1. The typical neural network used in trading systems has nothing to do
with simulating the way humans think. It doesn't adapt or learn on the
fly. It simply computes a non-linear mathematical function of its inputs
that produces a predicted output. The neat part is you don't have to know
what function you need to compute, There are algorithms which find a
function that fits a set of training examples that are given to it during
a training phase. For those of you who hate curve fitting, neural
networks aren't for you. That's exactly what they're intended to do.

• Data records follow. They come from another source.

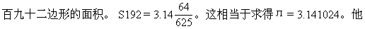 接正三千零七十二边形的面积,验证了前面的结果,并且得出更精确的圆周率值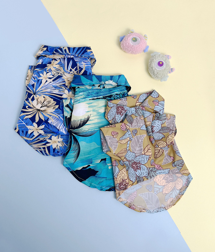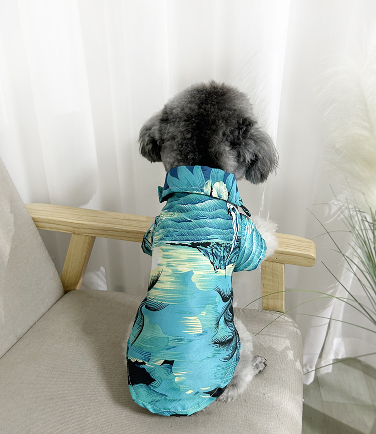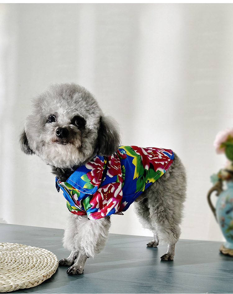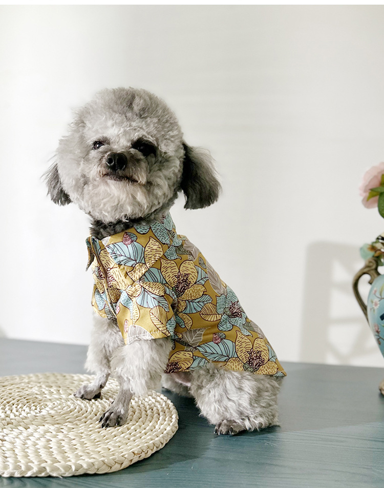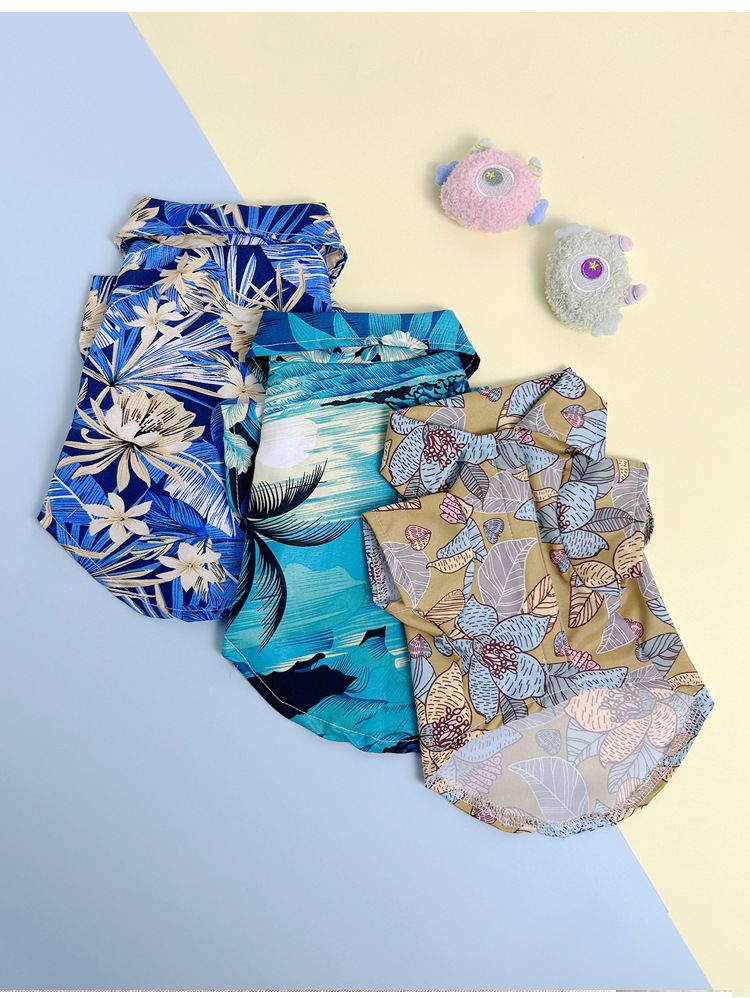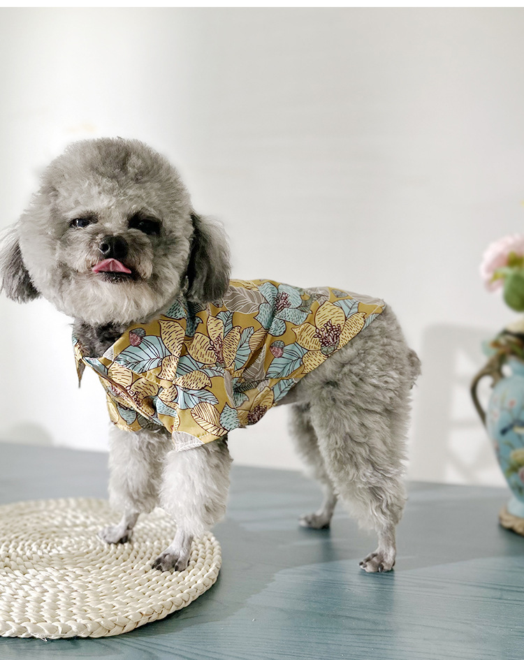 개 옷 여름 얇은 애완 동물 하와이 옷깃 셔츠 테디 베어 보메이 작은 개 고양이 의류스토어 가기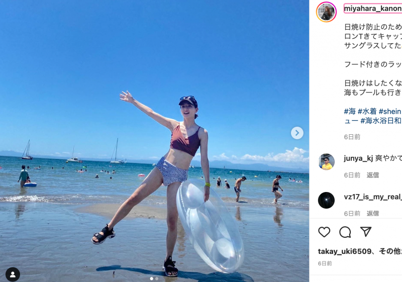 水着で海水浴を楽しむ宮原(宮原華音インスタグラムより)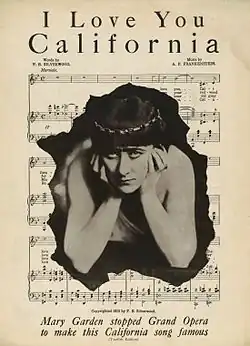 The lyrics were written by Francis Beatty Silverwood (1863–1924), a Los Angeles clothier,[1][2] and the words were subsequently put to music by Abraham Franklin Frankenstein (1873–1934),[3] then conductor of the Orpheum Theatre Orchestra,[4] with an inaugural performance by Mary Garden. Frankenstein was a cousin of the San Francisco Chronicle's long-time music and art critic Alfred V. Frankenstein.[5] The song was published by Hatch & Loveland, Music Printers, Los Angeles, California,[6] and copyrighted by F.B. Silverwood in 1913. It was the official song of expositions held in San Francisco and San Diego in 1915.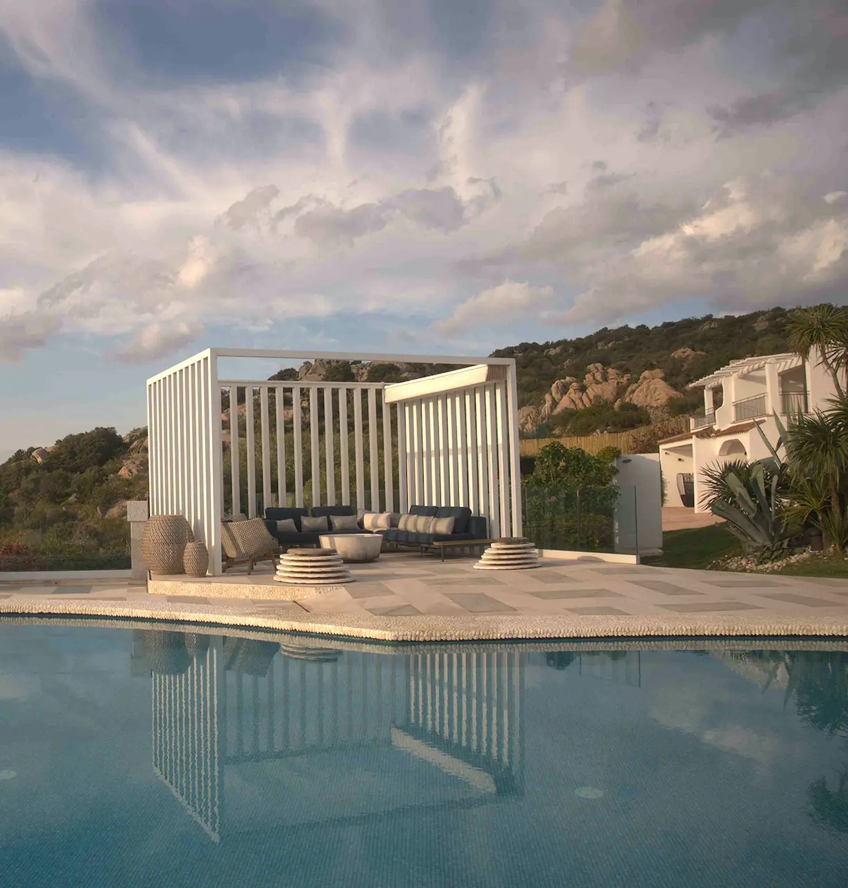 La sinuosa piscina, circondata da comode chaise long e accoglienti cabane è il luogo perfetto per crogiolarsi al sole o rilassarsi all’ombra, leggere o ascoltare musica, rinfrescarsi con un tuffo e tonificarsi con una nuotata.

2. Neural network fitting algorithms can approximate non-linear and
chaotic functions, and are tolerant to noise in the training and test
data. This makes them suited to price series, since I think most traders
believe that prices are chaotic functions with a noise component. Chaotic
doesn't mean random - chaotic functions are completely deterministic. It
typically means a function that is dependent on prior values of itself
and is extremely sensitive to its initial value. I believe SP500 prices
are chaotic with noise because I believe they are dependent on some of
their prior prices and have noise. Typical chaotic functions can look
random.
3. Training a neural net involves optimizing a set of parameters (called
weights) in order to generate a function which closely matches the
training data. For those of you who shrink at the dreaded thought of
over-optimization, neural nets may be the ultimate evil. A neural net
that takes 5 inputs (say price, yesterdays price, price 2 days ago, price
10 days ago, MACD), will typically have a minimum of 20 weights to
optimize (maybe many more). How many of you like trading systems with 20
optimized parameters? If you have 10 inputs, you might have 50 or more
weights. A great deal of research in neural networks tries to address
this problem. In the end, you train on a set of training data, which
calculates the weights, then test on a different set of testing data
using the previously calculated weights. The theory is, if it does well
on the test data, that what you learned by "fitting" was the underlying
mechanism of the market.
4. One way to feel better about all this curve fitting is to have a good
understanding of some reasonably advanced statistics. This is probably
not a bad idea for trading systems developers of any kind. You need to
know whether your results could have been achieved by chance or not. You
need to know whether your system is still working if it has 5 straight
losing trades. Remember, completely random coin tossing will usually get
a run of 5 consecutive heads or tails 3 times during 100 tosses.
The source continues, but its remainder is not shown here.